John Woolman’s simple statement in A Word of Remembrance and Caution to the Rich (1793) may serve as a beginning for all consideration of stewardship: “As Christians, all we possess is the gift of God, and in the distribution of it we act as his stewards; it becomes us therefore to act agreeably to that divine wisdom which he graciously gives to his servants.”The principle of stewardship thus applies to all that we have and are, as individuals, as members of groups, and as inhabitants of the earth. As individuals, we are obliged to use our time, our various abilities, our strength, our money, our material possessions, and other resources in a spirit of love, aware that we hold these gifts in trust, and are responsible to use them in the Light. As Friends, and as members of other groups, we seek to apply the same spirit to the use and contribution of our corporate resources. As people, we are obliged to cherish the earth and to protect all its resources in a spirit of humble stewardship, committed to the right sharing of these resources among people everywhere.
“To turn all we possess into the channel of universal love becomes the business of our lives”–this, in the words of Woolman, is the meaning of Quaker stewardship.
Do we regard our time, talents, energy, money, material possessions, and other resources as gifts from God, to be held in trust and shared according to the Light we are given? How do we express this conviction?

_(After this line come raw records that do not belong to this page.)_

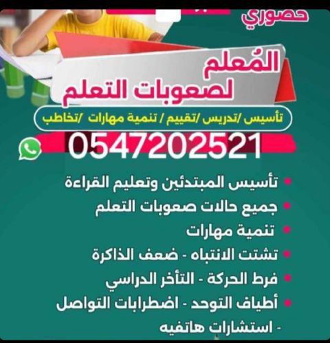 معلم تربية خاصه وصعوبات التعلم تأسيس ومتابعه جميع فئات ذوي الاعاقة
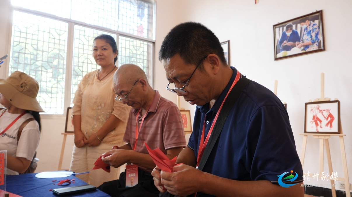 ▲自驾游车友体验非遗剪纸(孙文月 摄)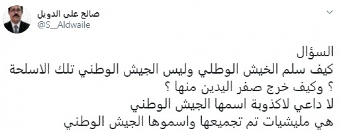 هاجم الناشط السياسي صالح الدويل، اليوم، ما يسمى بقوات الجيش الوطني التابع لحكومة الشرعية، مؤكدًا أنه مجرد مليشيات تم تجميعها.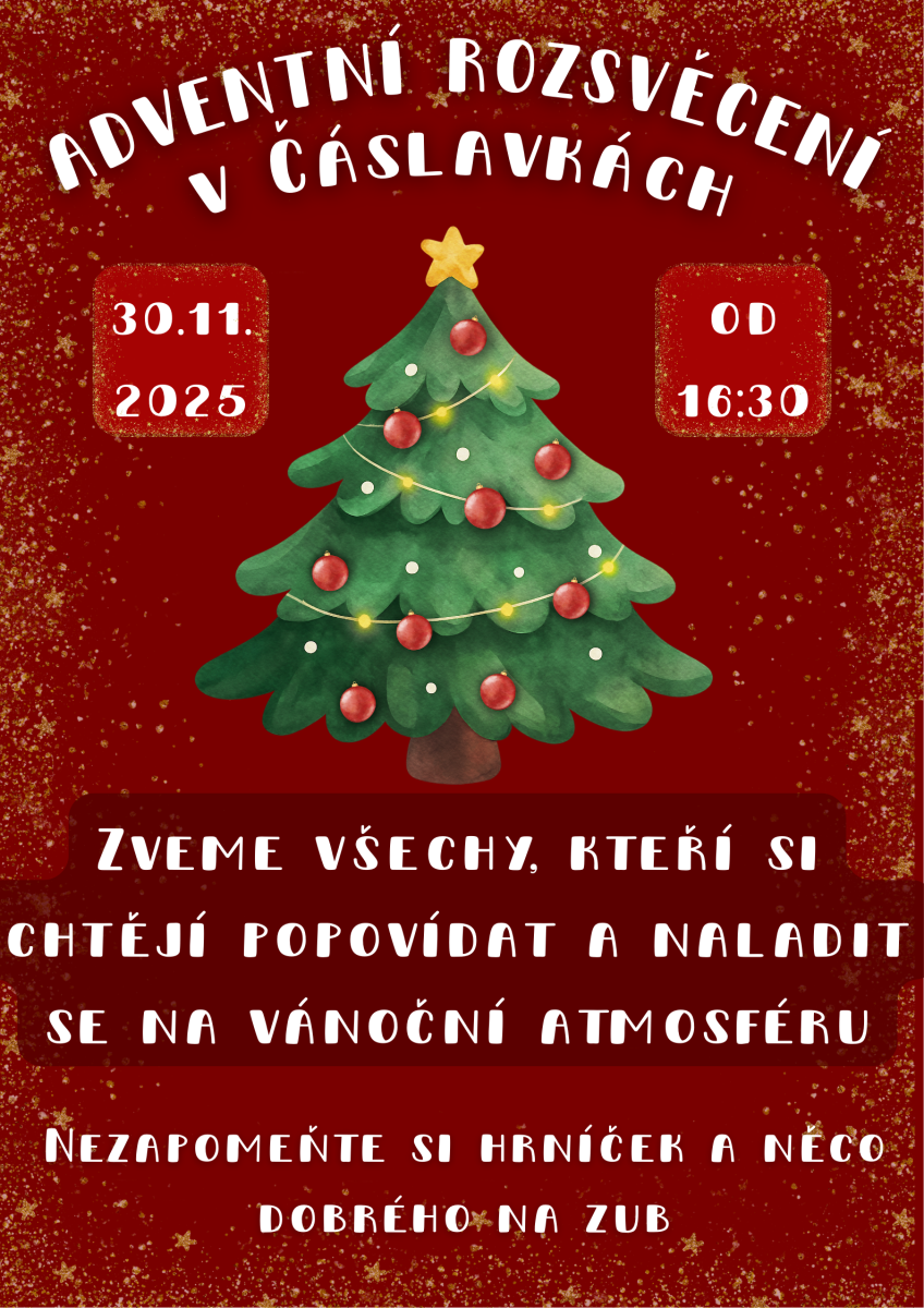 Zveme všechny na společné popovídání a naladění vánoční atmosféry na 1. adventní neděli 30.11. 2025 v 16:30 h v Čáslavkách na návsi u hasičárny.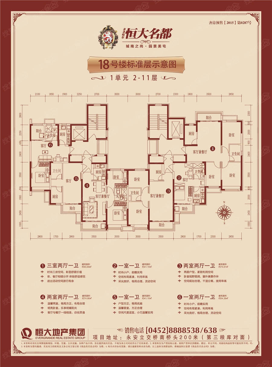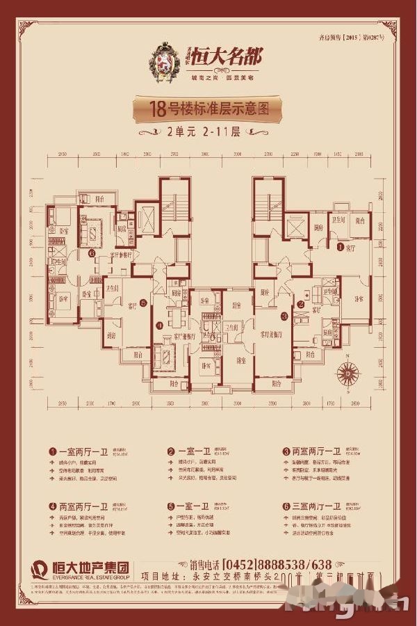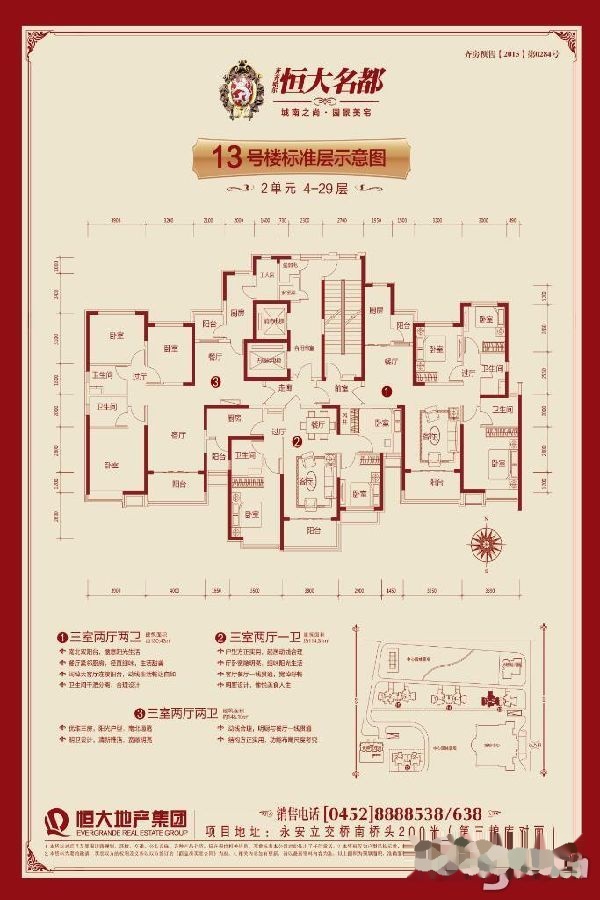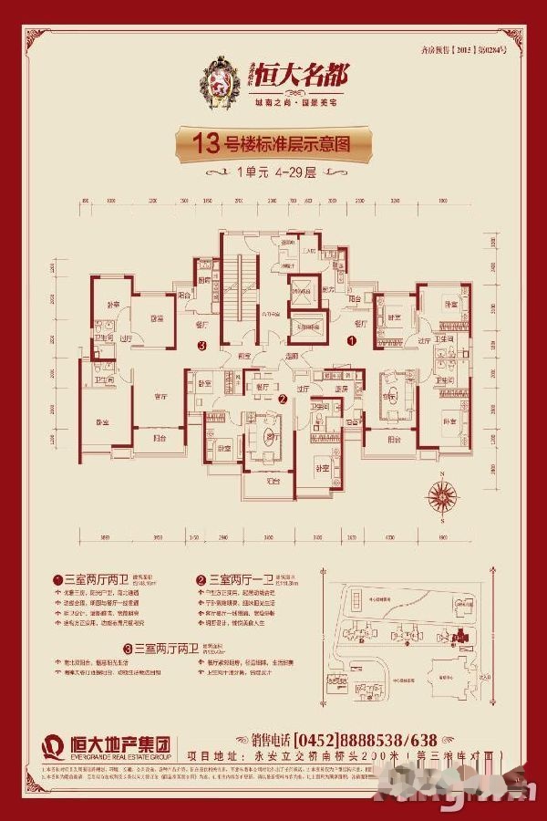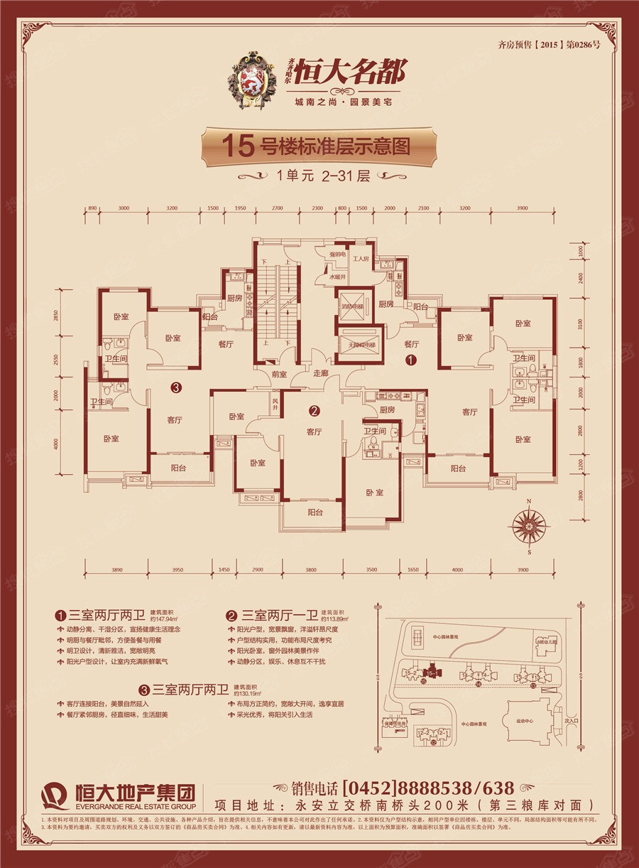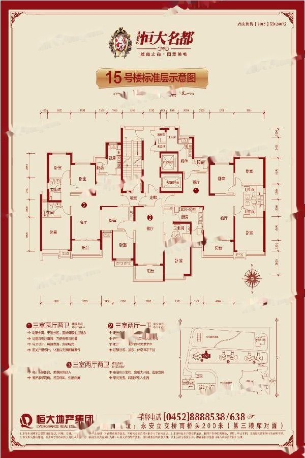 3室2厅2卫-15#楼标准层1单元2-33层3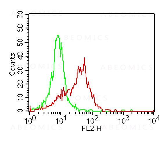 Fig-1: Intracellular flow analysis of TLR2 PE conjugated in PBMC (Monocytes) using 0.5 µg/10^6 cells of TLR2 PE conjugated antibody (Clone: ABM3A87). Green represents isotype control; red represents anti-TLR2 PE conjugated antibody.
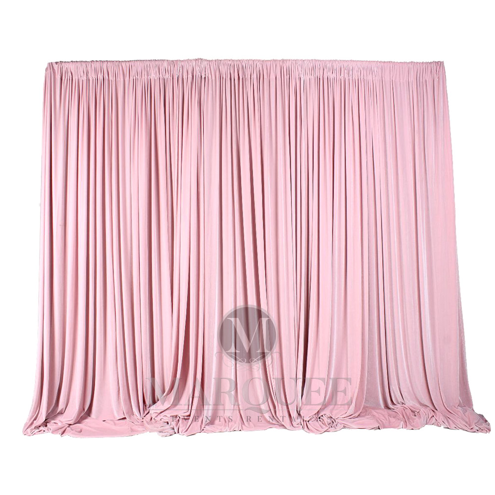 This drapery comes in velvet material in pink color. We carry an assortment of draperies in various colors and materials to fit your needs. Contact us for more details.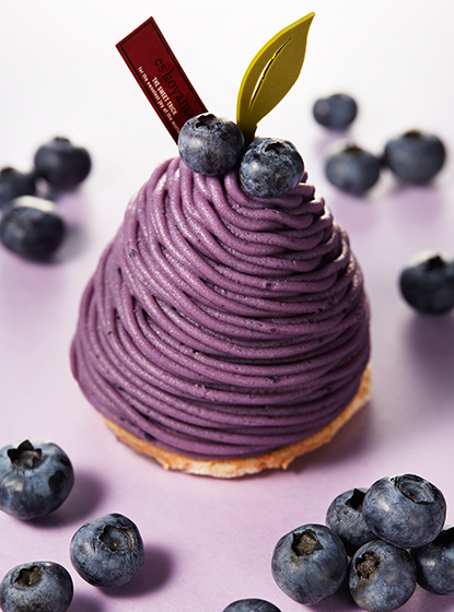 エスコヤマからほど近い丹波篠山にあるfutaba農園さんから届けていただいた、摘みたてのフレッシュな完熟ブルーベリーを使って、夏の彩りに新たな魅力を注ぎ込むプチガトーが誕生しました。一番の特徴は、何といってもその見た目。黄色いフルーツが主役を張っているエスコヤマのメインショップのショーケースの中で、色相環の中で黄色の反対色である、天然のアントシアニン由来の紫色をまとったモンブランが異彩を放ちます。実はシェフ小山も「この色を出すのが難しかった」と創作を振り返るほど。そんなモンブランの味わいは、クリームの中にすっぽり隠れた完熟ブルーベリーを周りのすべての要素が引き立てているイメージ。プチっと弾ける皮の張った果実から溢れるみずみずしさと自然な甘味。想像以上に爽やかなあと口は、この季節にふさわしい仕上がりです。ブルーベリーのモンブランクリームには、フランボワーズの華やかさと、ほんのすこ~しシナモンを加え、ボトムはダックワーズ、センターにはジューシーなブルーベリーのジュレとブルーベリーのフレッシュを潜ませて。たっぷり絞ったクレームシャンティは、コクと酸味をもたらすクリームチーズ+サワークリームを合わせてふくよかな味わいのクリームに仕立てました。飾りはブルーベリーの葉の色合いをまとったチョコレートとフレッシュなブルーベリーをあしらって。エスコヤマだからこそお届けできる、地元兵庫の旬をご堪能ください。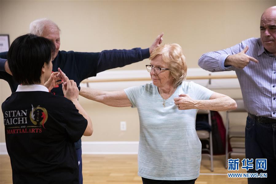 陳思坦的夫人林旭在位于美國(guó)紐約長(zhǎng)島的一所社區(qū)老年活動(dòng)中心指導(dǎo)老人練習(xí)太極(11月20日攝)。這里是陳思坦夫婦開(kāi)設(shè)的一個(gè)公益教學(xué)項(xiàng)目。11月的紐約已進(jìn)入初冬,位于美國(guó)紐約長(zhǎng)島的思坦太極武術(shù)中心依然一片紅火景象,學(xué)員們從5歲的孩童到80多歲的老人,操練著太極拳、太極劍、長(zhǎng)拳等武術(shù)招式。這里的主人陳思坦、林旭夫婦,也從早忙到晚,精心指導(dǎo)每一位學(xué)員的一招一式。6歲習(xí)武,22歲成為中國(guó)全國(guó)冠軍,26歲獲得首個(gè)世界冠軍……直到30歲退役,陳思坦在運(yùn)動(dòng)員生涯中曾獲得過(guò)32次國(guó)內(nèi)外各類(lèi)武術(shù)大賽冠軍。36歲那年,懷著以太極拳和中國(guó)武術(shù)為媒介向世界推廣中國(guó)文化的夢(mèng)想,陳思坦到美國(guó)紐約尋找新的舞臺(tái)。經(jīng)過(guò)十多年的艱苦打拼,陳思坦夫婦目前在紐約長(zhǎng)島、法拉盛和曼哈頓都開(kāi)設(shè)了長(zhǎng)期的課程,思坦太極注冊(cè)在編的各個(gè)年齡段的學(xué)員近千人,有些“高徒”現(xiàn)在自己也開(kāi)班授課,將太極推向更多地方。陳思坦夫婦現(xiàn)在思考更多的是如何將太極和武術(shù)推廣給更多的美國(guó)人,并讓他們理解其中蘊(yùn)含的平衡、和諧的中國(guó)文化理念。他們創(chuàng)辦了紐約太極健身氣功活動(dòng)日,在各類(lèi)學(xué)校和社區(qū)開(kāi)設(shè)太極或者武術(shù)課程,并利用美國(guó)的亞太裔文化月和多元文化節(jié)舉行武術(shù)和太極表演和體驗(yàn)課程,讓更多美國(guó)人親眼看到、親身體會(huì)中國(guó)武術(shù)的魅力。從2011年起,他們還參與創(chuàng)辦了紐約太極大賽,如今已舉行九屆,吸引了美國(guó)、加拿大和中國(guó)國(guó)內(nèi)的隊(duì)伍參賽,影響力逐漸擴(kuò)大。新華社記者王迎攝

What are we doing as individuals and as a Meeting to use and thereby perfect our gifts? How do we encourage others to use theirs?
How do we exercise our respect for the balance of nature? Are we careful to avoid poisoning the land, air, and sea and to use the world’s resources with care and consideration for future generations and with respect for all life?
In what other ways do we carry out our commitment to stewardship?